▶ **Description of the task**
Starting with the line that has "Lancaster Table &" and finishing with the line that has "schickten die Hunde", set down each line below exactly. Pictures are not copied.

▶ **Data section**
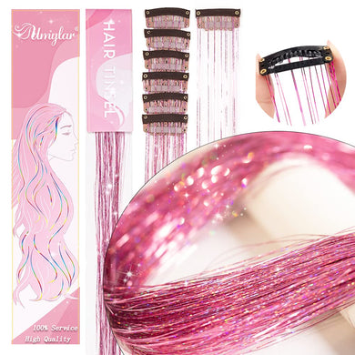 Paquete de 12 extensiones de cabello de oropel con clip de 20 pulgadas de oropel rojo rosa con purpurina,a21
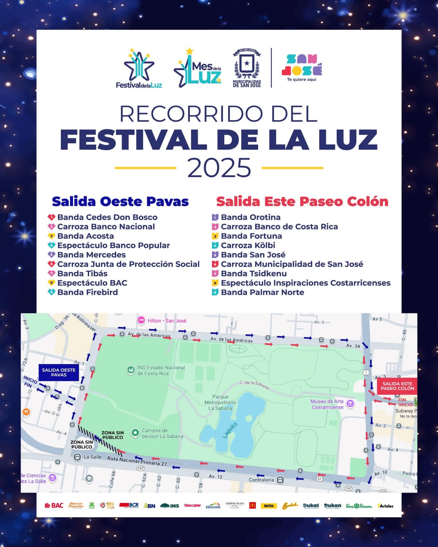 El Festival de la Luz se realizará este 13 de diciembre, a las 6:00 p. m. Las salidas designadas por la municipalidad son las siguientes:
* * *
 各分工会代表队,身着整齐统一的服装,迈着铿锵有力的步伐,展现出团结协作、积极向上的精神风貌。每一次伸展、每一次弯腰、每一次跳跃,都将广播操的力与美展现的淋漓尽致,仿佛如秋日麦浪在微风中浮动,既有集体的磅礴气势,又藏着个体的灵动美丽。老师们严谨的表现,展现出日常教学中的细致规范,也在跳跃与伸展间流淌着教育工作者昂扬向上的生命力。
--
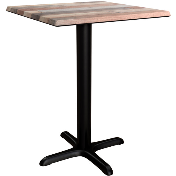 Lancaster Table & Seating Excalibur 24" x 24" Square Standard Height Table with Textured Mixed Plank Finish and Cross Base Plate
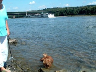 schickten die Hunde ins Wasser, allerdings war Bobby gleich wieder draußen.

▶ **Exercise result**
 Lancaster Table & Seating Excalibur 24" x 24" Square Standard Height Table with Textured Mixed Plank Finish and Cross Base Plate
 schickten die Hunde ins Wasser, allerdings war Bobby gleich wieder draußen.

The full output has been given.